Target Fertilizer Discharge Amount/(kg·hm−2)	Target Total Fertilizer Discharge Amount/g	Gear	Actual Total Fertilizer Discharge Amount/g	Error/g	Relative Error/%
225	2250	Low speed at 1st gear—low speed at 2nd gear—low speed at 3rd gear	2205.4	44.6	1.98
		Medium speed at 1st gear—the medium speed at 2nd gear—the medium speed at 3rd gear	2297.8	47.8	2.12
		High speed at 1st gear—high speed at 2nd gear—high speed at 3rd gear	2327.2	77.2	3.43
375	3750	Low speed at 1st gear—low speed at 2nd gear—low speed at 3rd gear	3675.3	74.7	1.99
		Medium speed at 1st gear—the medium speed at 2nd gear—the medium speed at 3rd gear	3799.4	49.4	1.32
		High speed at 1st gear—high speed at 2nd gear—high speed at 3rd gear	3849.2	99.2	2.65
525	5250	Low speed at 1st gear—low speed at 2nd gear—low speed at 3rd gear	5296.5	46.5	0.89
		Medium speed at 1st gear—the medium speed at 2nd gear—the medium speed at 3rd gear	5341.9	91.9	1.75
		High speed at 1st gear—high speed at 2nd gear—high speed at 3rd gear	5357.6	107.6	2.05

displays the present field fertilization performance test results, from which it can be observed that the relative error between the actual total fertilizer discharge amount and the target value was below 3.43%. Because of uneven terrain in the field, the tractor may jump during travel, resulting in the vibration of the machinery and the vibration of the radar sensor installation frame. However, the relative error differed slightly from the value in paving test results. The test results in different groups satisfied the requirements in field fertilization, suggesting that the developed system showed favorable speed-dependent fertilization ability and favorable adaptivity in the field.

4. Conclusions

This study developed a speed-dependent fertilization control system for rapeseed seeders based on high-precision radar speed sensors. The system adopted the Raspberry PI as the control core and processed the square wave signal returned by the radar sensor. Meanwhile, in combination with the machinery’s operating parameters, the target rotation speed of the fertilizer discharge apparatus was obtained; next, the rotation speed of the fertilizer discharge apparatus was adjusted in real-time according to the target rotation speed, and the rotation speed pulse was sent to the controller with the photoelectric encoder connected with the fertilizer discharge shaft.
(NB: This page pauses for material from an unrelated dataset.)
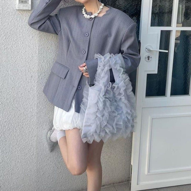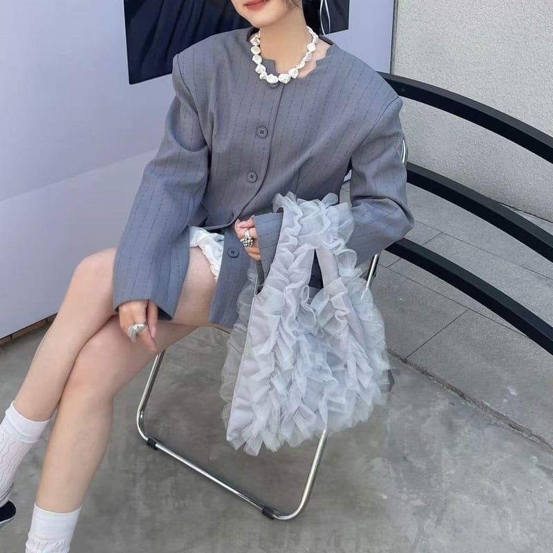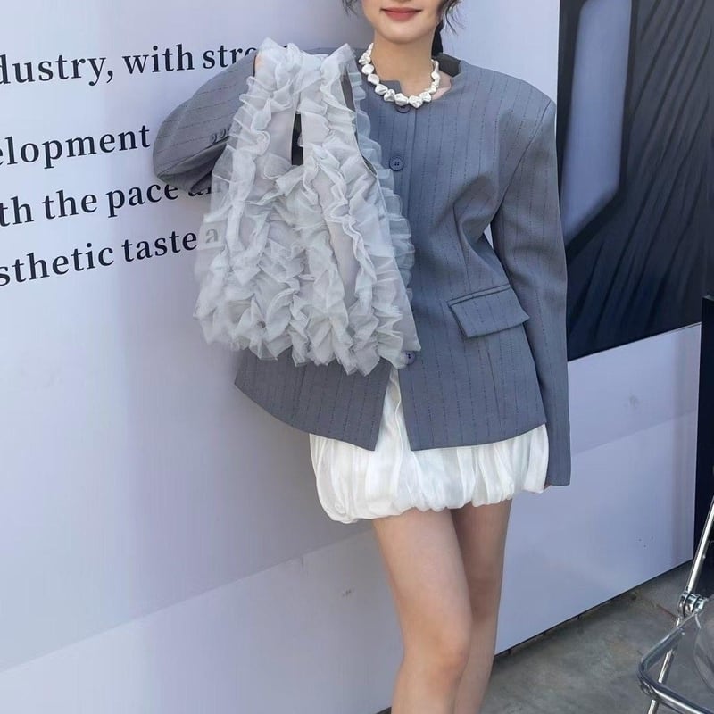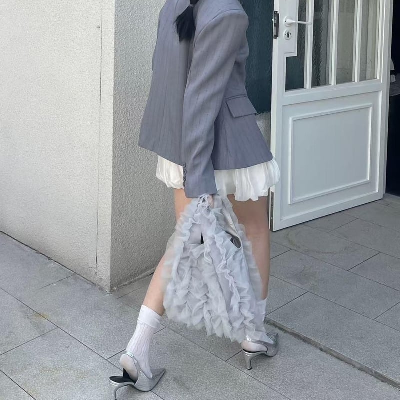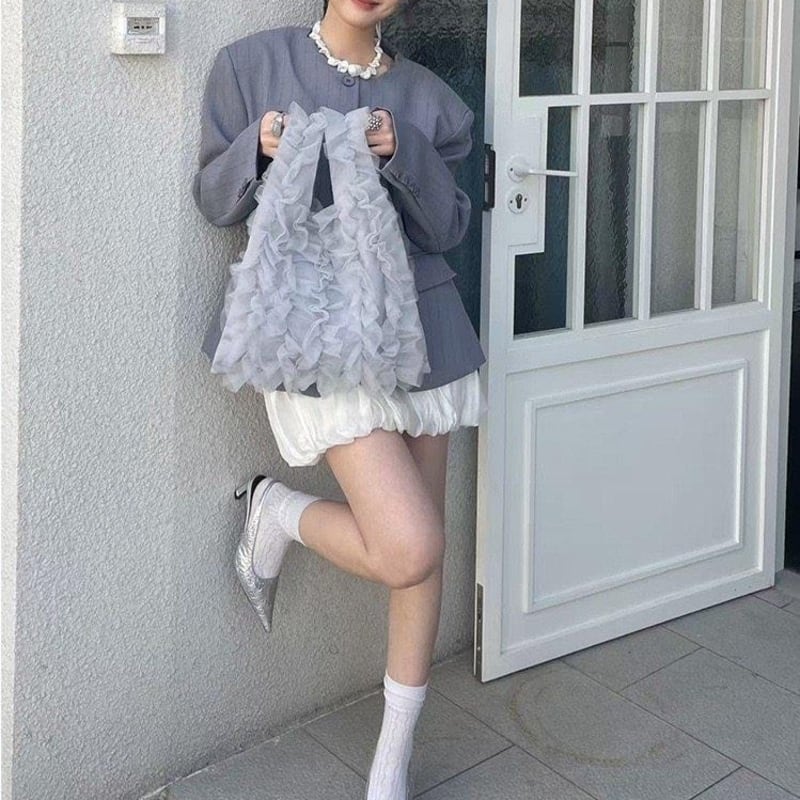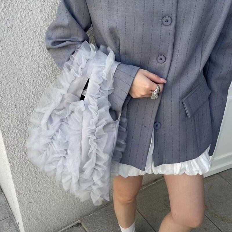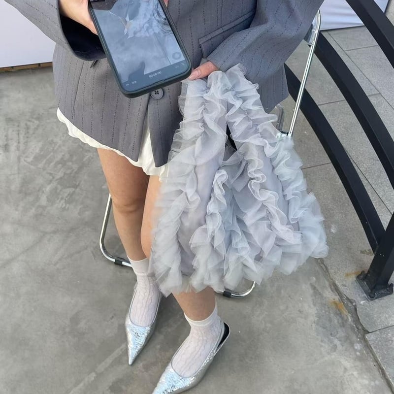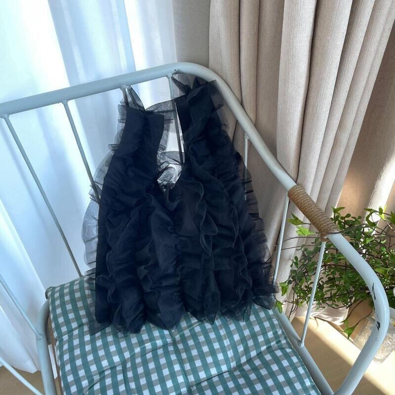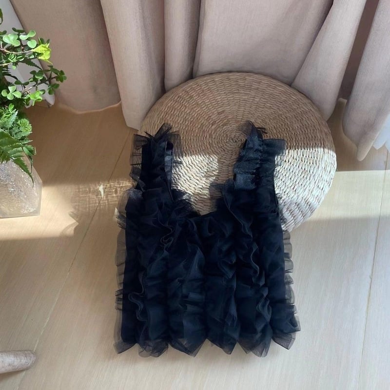 【商品管理番号】 A0273 【商品説明】 チュールフリルハンドバッグは、全面にあしらった可愛いチュールのフリルが特徴のアイテムです。適度なサイズ感と透け感があり、どんなスタイルにも映える存在感抜群のデザインです。カジュアルから少し特別なシーンまで、幅広いシーンで活躍すること間違いなしのバッグです!普段使いやお出かけに、あなたのコーディネートに彩りを与えてくれます。 【サイズ】 【FREE】高さ:25cm/横:33cm/マチ:1cm 【カラー】 オフホワイト グレー ブラック 【素材】 ポリエステル100%

Accordingly, the rotation speed can be adjusted by comparing it with the target rotation speed to form the closed-loop control and achieve high-precision control of fertilizer discharge amount. Field performance tests revealed that the relative error between the actual fertilization amount and the target value was within an acceptable range, verifying the stability of the speed-adaptive fertilization control system. This provides a reference for variable-rate fertilization in rapeseed direct seeding, further promotes the popularization and application of fertilizer reduction and efficiency enhancement technologies in the region, and effectively alleviates environmental pollution caused by excessive fertilizer use. However, this study focuses on the research and application of low-cost control systems and is less suitable for precision fertilization operations. The follow-up study envisages further research on prescription map-based fertilization control systems using data fusion by integrating field fertility information.